In the story "Abramovich’s Trucks", the "trucks" of the title sit patiently in Dr. Abramovich’s waiting room. He is an experienced surgeon; bariatric surgery is his specialism, specifically adjustable ring surgery, for limiting the passage of food to the stomach. His patients are young women, strangers to one another and all dreaming of becoming thin. Abramovich’s assistants call the patients "trucks," because "pushing the bed into the operating room is hard when they are lying on it, it takes at least two orderlies to get the task done." "Abramovich’s Trucks” is a bold and original story, laying bare the lives of young women suffering from eating disorders. It casts light on their passions and dreams, detailing the misery that drives an industry that feeds off them and sabotages their bodies.
Originally written as a play, the story was first published in the prestigious literary journal Ho! to great acclaim.
The book was selected an Outstanding Book of the Year 2020 by Haaretz.
In her book, Dorit Shiloh demonstrates a flirty irony, alongside depth and originality […] she has charisma, a healthy helping of humor and self-irony, and an ability to write about complex, at times traumatic occurrences, free of pathos and free of pretention.
A delicate and sparse collection of observations and short stories […] worthy of every praise.

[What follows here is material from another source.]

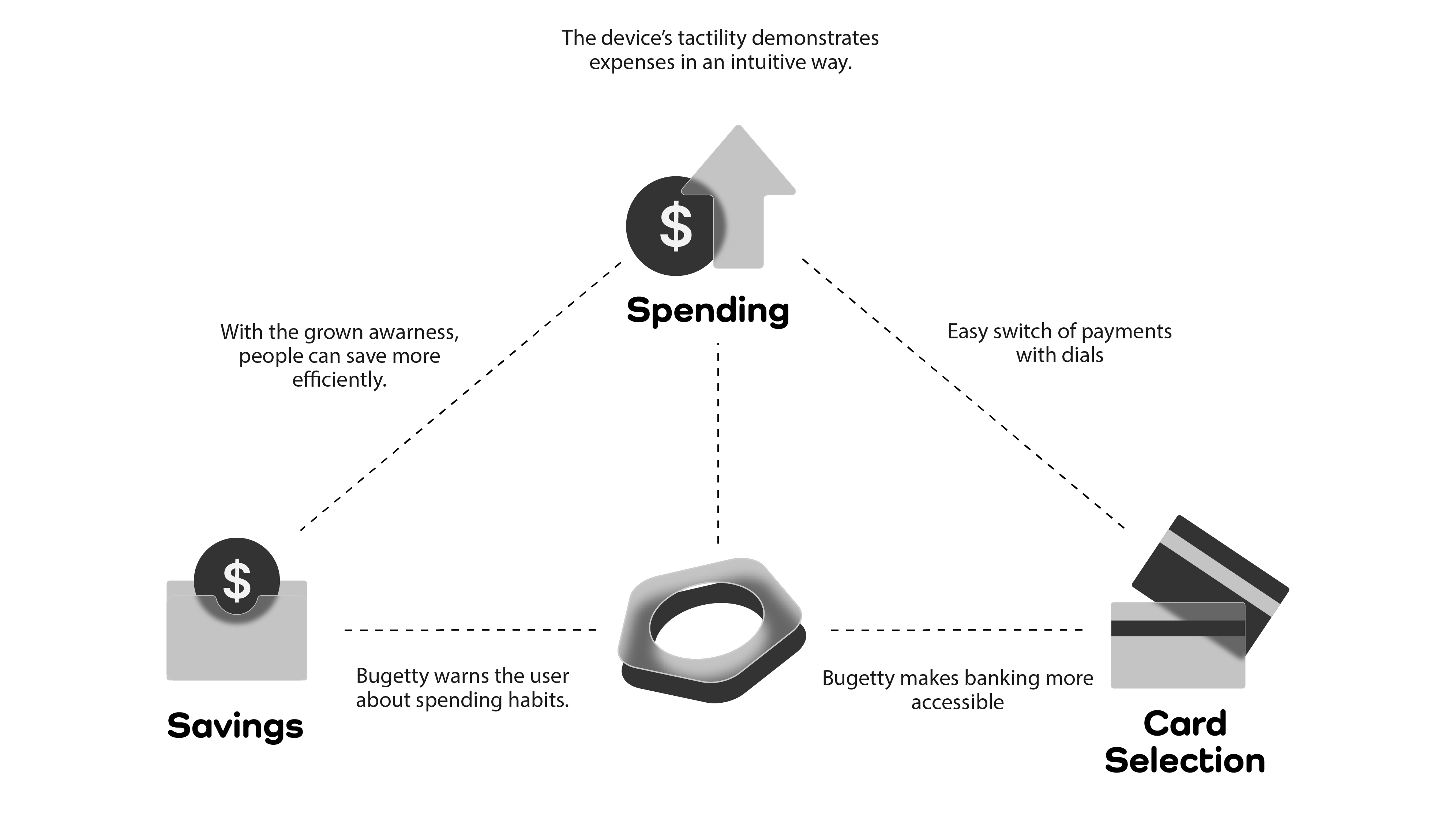 Budgetty is designed as a hybrid physical-digital wallet that focuses solely on essential budgeting functions. By simplifying spending, saving, and card selection into intuitive tactile interactions, the device helps users stay aware of their financial habits without distractions. Its minimal system encourages mindful money management and makes everyday banking more accessible and efficient.

Shiloh is a master of language.
[I think] this is one of the first literary descriptions in Hebrew of living with a bariatric ring, certainly the first I’ve encountered. About 20 women sitting in the clinic, in different phases of silence and noise, overt sobbing and restraint. It is precisely this extreme situation which accentuates Shiloh’s capacity to maintain a vocal, particular narration, specifically thus to touch the physical pain, the vortex of self-blaming, hope for change, absurdity and humiliation… and something just to be funny.
Dorit Shiloh’s poignant collection […] is painful, but smart, and able to evoke bitter smiles.